Exercise goal - Beginning at the line that contains "在原先bootstrap-d" and finishing at the line that contains "3-Sur le chapiteau", output the data below exactly. Include both end lines and no pictures.

Collected material -
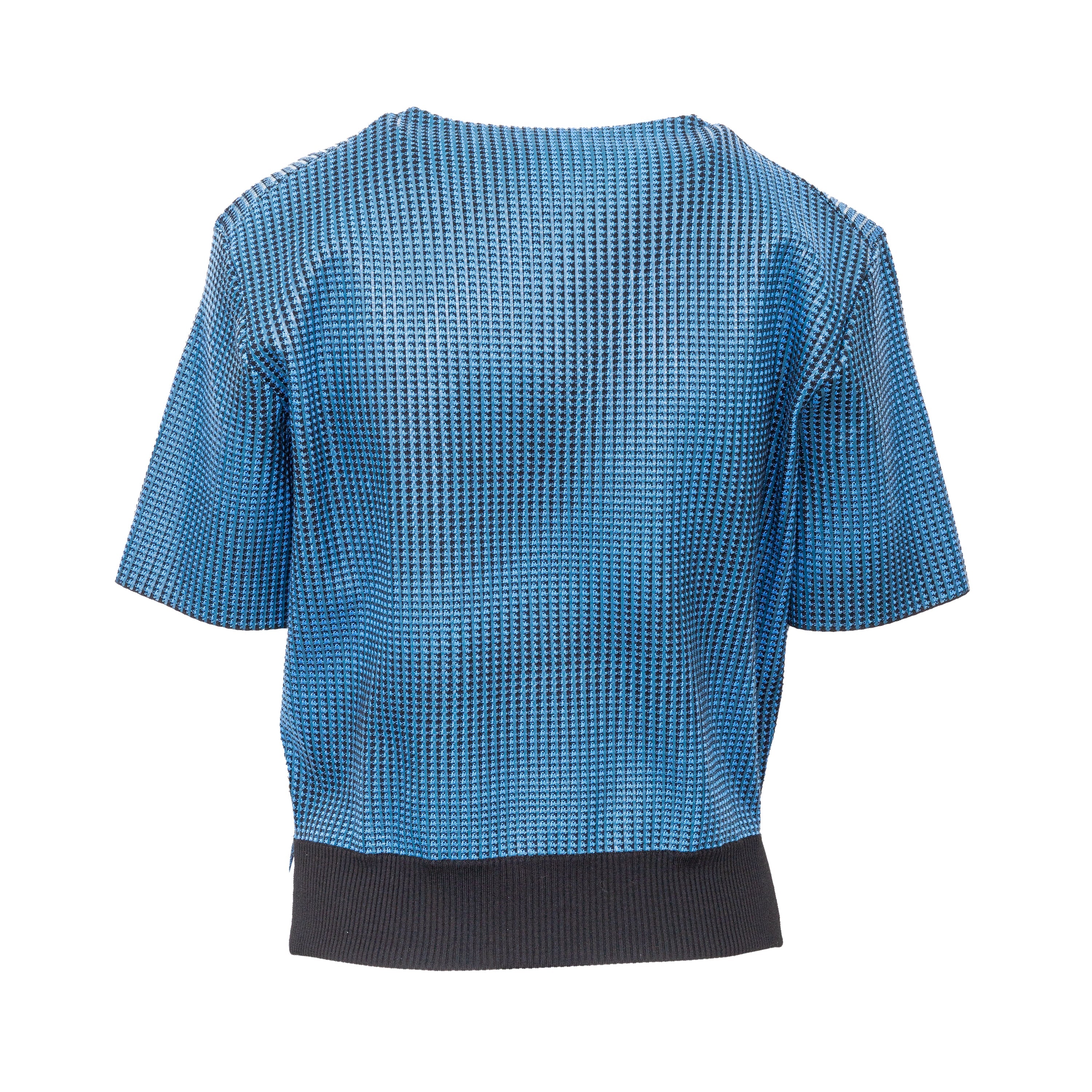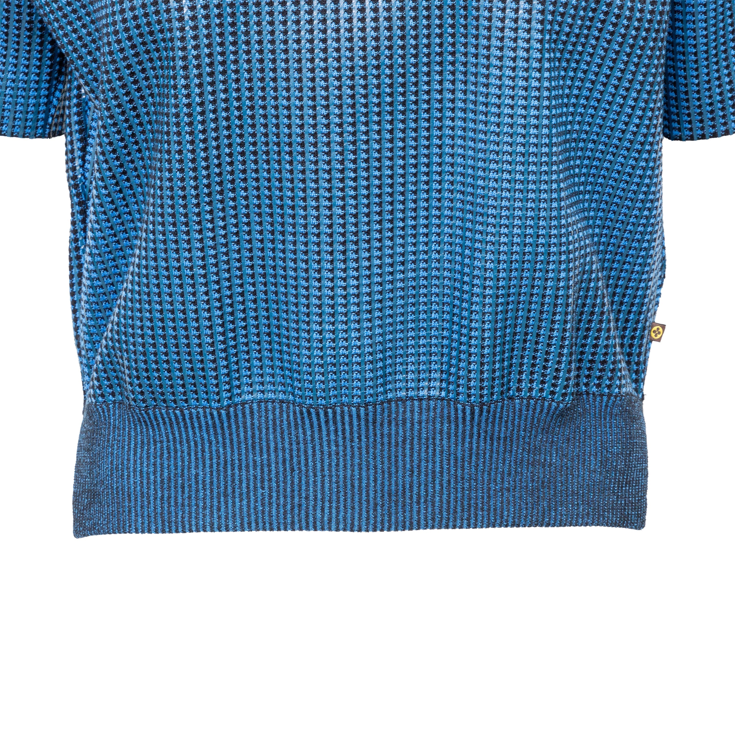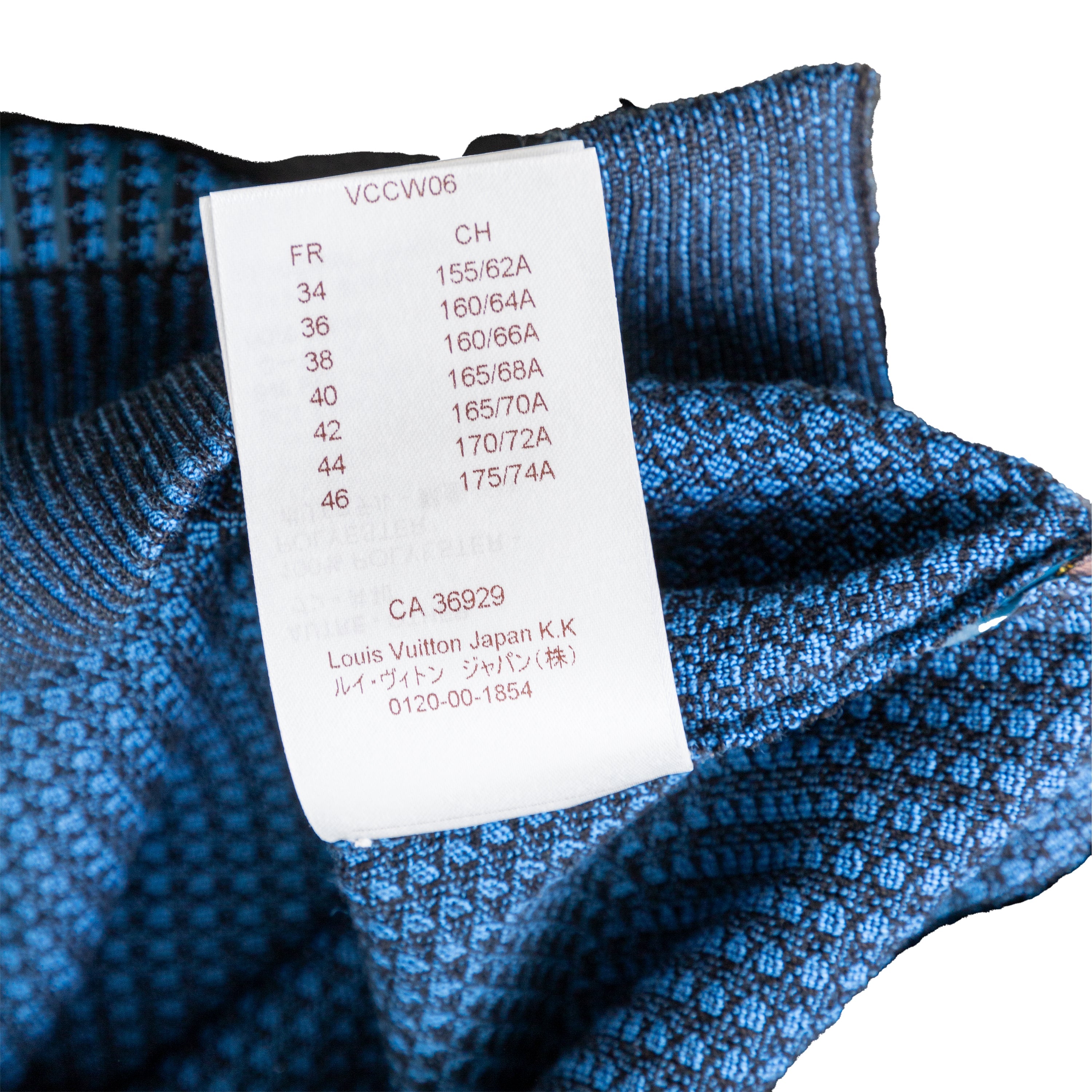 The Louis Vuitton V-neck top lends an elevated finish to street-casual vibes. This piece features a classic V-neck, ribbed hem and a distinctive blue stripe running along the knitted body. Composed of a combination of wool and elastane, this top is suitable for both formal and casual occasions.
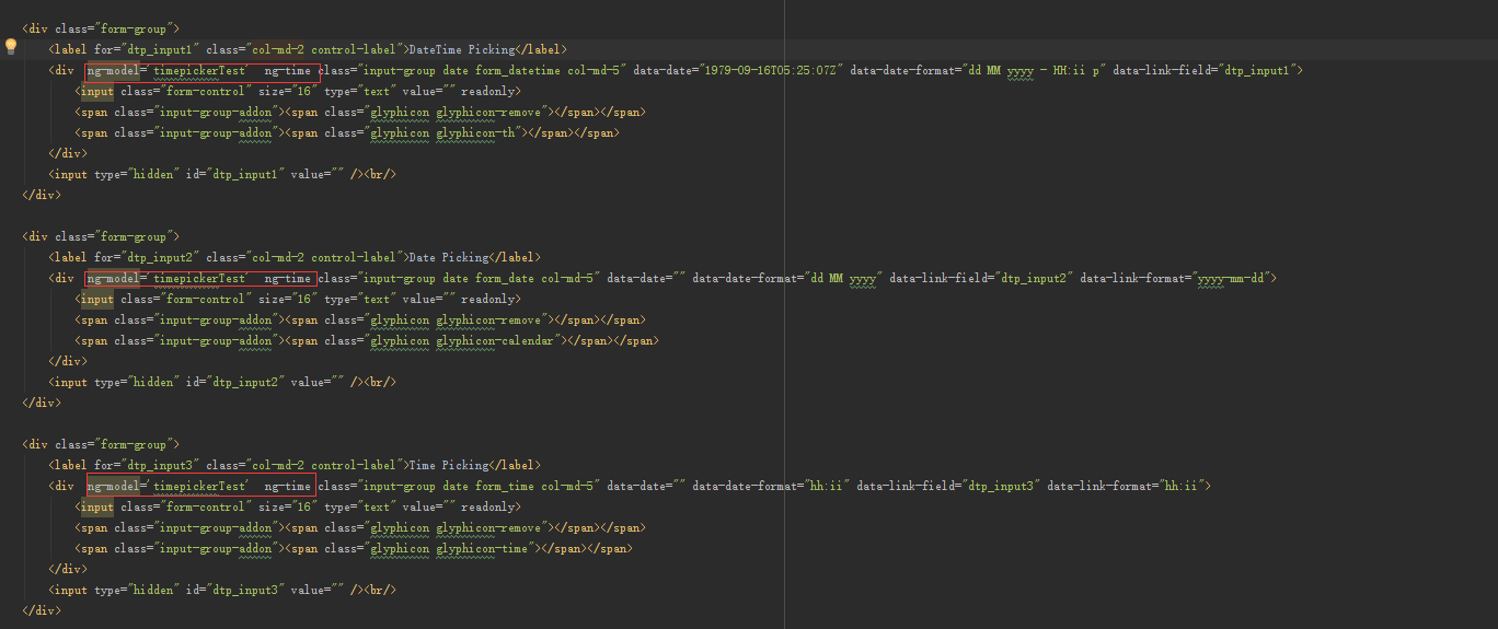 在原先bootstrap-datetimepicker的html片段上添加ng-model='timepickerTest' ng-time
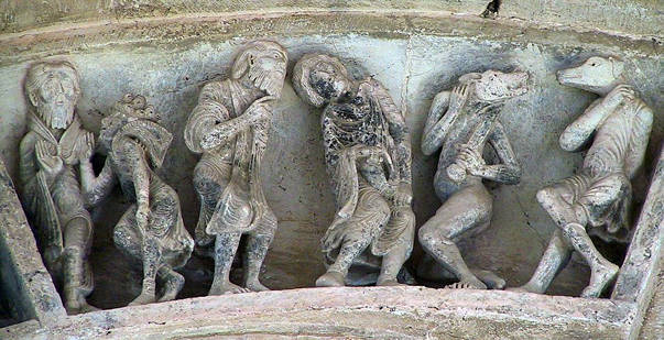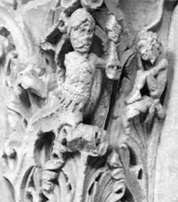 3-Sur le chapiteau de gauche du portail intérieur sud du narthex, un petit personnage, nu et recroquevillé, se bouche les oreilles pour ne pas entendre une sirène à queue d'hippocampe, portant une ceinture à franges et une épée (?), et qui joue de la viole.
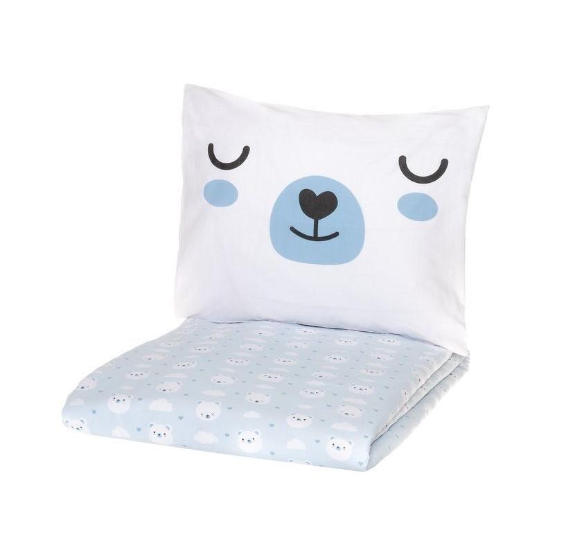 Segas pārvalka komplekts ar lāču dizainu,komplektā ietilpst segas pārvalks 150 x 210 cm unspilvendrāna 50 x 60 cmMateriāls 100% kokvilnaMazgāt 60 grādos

Your solution -
 在原先bootstrap-datetimepicker的html片段上添加ng-model='timepickerTest' ng-time
 3-Sur le chapiteau de gauche du portail intérieur sud du narthex, un petit personnage, nu et recroquevillé, se bouche les oreilles pour ne pas entendre une sirène à queue d'hippocampe, portant une ceinture à franges et une épée (?), et qui joue de la viole.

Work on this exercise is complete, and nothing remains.